BACKGROUND OF THE INVENTION 1. Field of the Invention The present invention relates to an oscillation circuit used for a tuner or the like, and more particularly, to an oscillation circuit for correcting a fluctuation in an oscillation frequency due to a fluctuation in a power supply voltage.

[0002]

2. Description of the Related Art A conventional oscillation circuit will be described with reference to FIG. The oscillation circuit of FIG. 3 is a voltage-controlled oscillation circuit that can change the oscillation frequency. The power supply voltage E is applied to the collector of the oscillation transistor 41, and the collector of the oscillation transistor 41 is grounded at a high frequency via a DC blocking capacitor 48. The emitter of the oscillation transistor 41 is grounded via a resistor 44 and grounded via a feedback capacitor 47. This resistor 44 is an emitter bias resistor for applying a bias voltage to the emitter of the oscillation transistor 41. A bias voltage obtained by dividing the power supply voltage E by the resistors 42 and 43 is applied to the base of the oscillation transistor 41. A feedback capacitor 46 is connected between the base and the emitter of the oscillation transistor 41. The base of the oscillation transistor 41 is connected to the cathode of the varactor diode 49 via the clap capacitor 45. The anode of the varactor diode 49 is grounded via a coil 50 as an inductance element. A control voltage V for changing the oscillation frequency is applied to the cathode of the varactor diode 49. The inductance of the coil 50, the capacitance of the varactor diode 49, and the feedback capacitor 4
The oscillation frequency is determined by the capacitances 6 and 47, and oscillation is performed. By changing the control voltage V, the capacitance of the varactor diode 49 changes, and the oscillation frequency can change.

[0003]

When such a conventional oscillation circuit oscillates at a high oscillation frequency of several hundred MHz, it is necessary to reduce the capacitance of the feedback capacitors 46 and 47 used. . On the other hand, internal capacitors 51 and 52 are interposed between the collector and the emitter and between the base and the emitter of the oscillation transistor 41, respectively, and are connected in parallel to the feedback capacitors 46 and 47, respectively. And
When the power supply voltage E increases, the voltage applied between the terminals of the oscillation transistor 41 increases, and the capacitances of the internal capacitors 51 and 52 decrease. Also, since the internal capacitances 51 and 52 determine the oscillation frequency together with the feedback capacitors 46 and 47, the oscillation frequency shifts to a higher one due to the change in capacitance. Thus, the feedback capacitor 4 used for the oscillation circuit
When the capacitances of the transistors 6 and 47 are small, the oscillation transistor 41
Since the internal capacitances 51 and 52 between the terminals of the oscillation transistor 41 are relatively large, if the capacitance of the internal capacitance between the terminals of the oscillation transistor 41 changes, the effect is large and the oscillation frequency is shifted.

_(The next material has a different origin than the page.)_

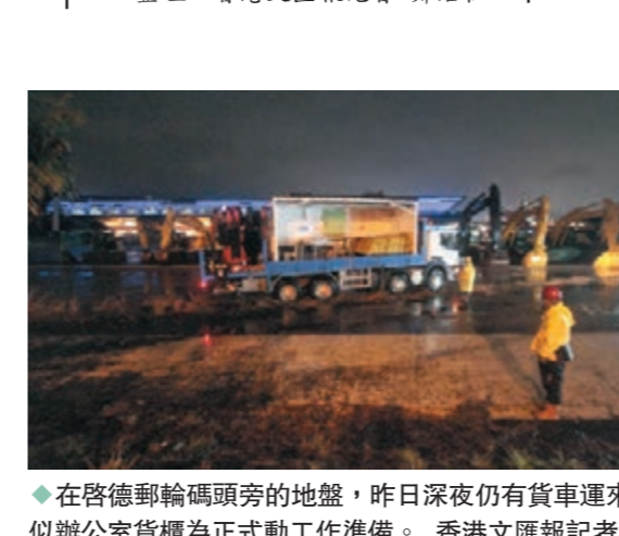
◆在啟德郵輪碼頭旁的地盤，昨夜日仍有貨車運來疑似辦公室貨櫃為正式動工作準備。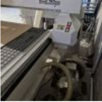
Lot n° 64 Fraiseuse CNC 3060 bois avec pupitre L6000 / 3000 avec aspirations 2 sacs, avec pompe ride CW3000 et pupitre de commande (Cellule10) Mise à prix : 5000€

Accordingly, it is an object of the present invention to obtain an output having a desired oscillation frequency by correcting the oscillation so that the oscillation does not substantially deviate from the desired oscillation frequency even if the power supply voltage fluctuates.

[0005]

SUMMARY OF THE INVENTION The present invention has been made to solve the above-mentioned problems, and the oscillation circuit according to the present invention has the following features.
An oscillation transistor to which a power supply voltage is applied, and a varactor diode that changes an oscillation frequency are provided, and a control voltage for changing a capacity of the varactor diode is applied to one end of the varactor diode, and the power supply voltage is divided. That is, the obtained divided voltage is applied to the other end of the varactor diode.

[0006] The characteristics of the oscillation circuit according to claim 2 are as follows.
With the rise of the power supply voltage, the capacitance between the terminals of the oscillation transistor between the base and the emitter and between the terminals between the collector and the emitter is reduced, and the divided voltage is applied to the anode of the varactor diode and the control voltage is applied to the cathode. .

[0007] The characteristics of the oscillation circuit according to claim 3 are as follows.
A base bias circuit for dividing a power supply voltage and applying a bias voltage to a base of an oscillation transistor is provided, and a voltage which becomes a divided voltage is applied from the base bias circuit to a varactor diode.

[0008]

DESCRIPTION OF THE PREFERRED EMBODIMENTS Embodiments of the present invention will be described with reference to the drawings. FIG. 1 is a circuit diagram illustrating an oscillation circuit according to the present invention. FIG. 2 is another circuit diagram of the oscillation circuit of the present invention.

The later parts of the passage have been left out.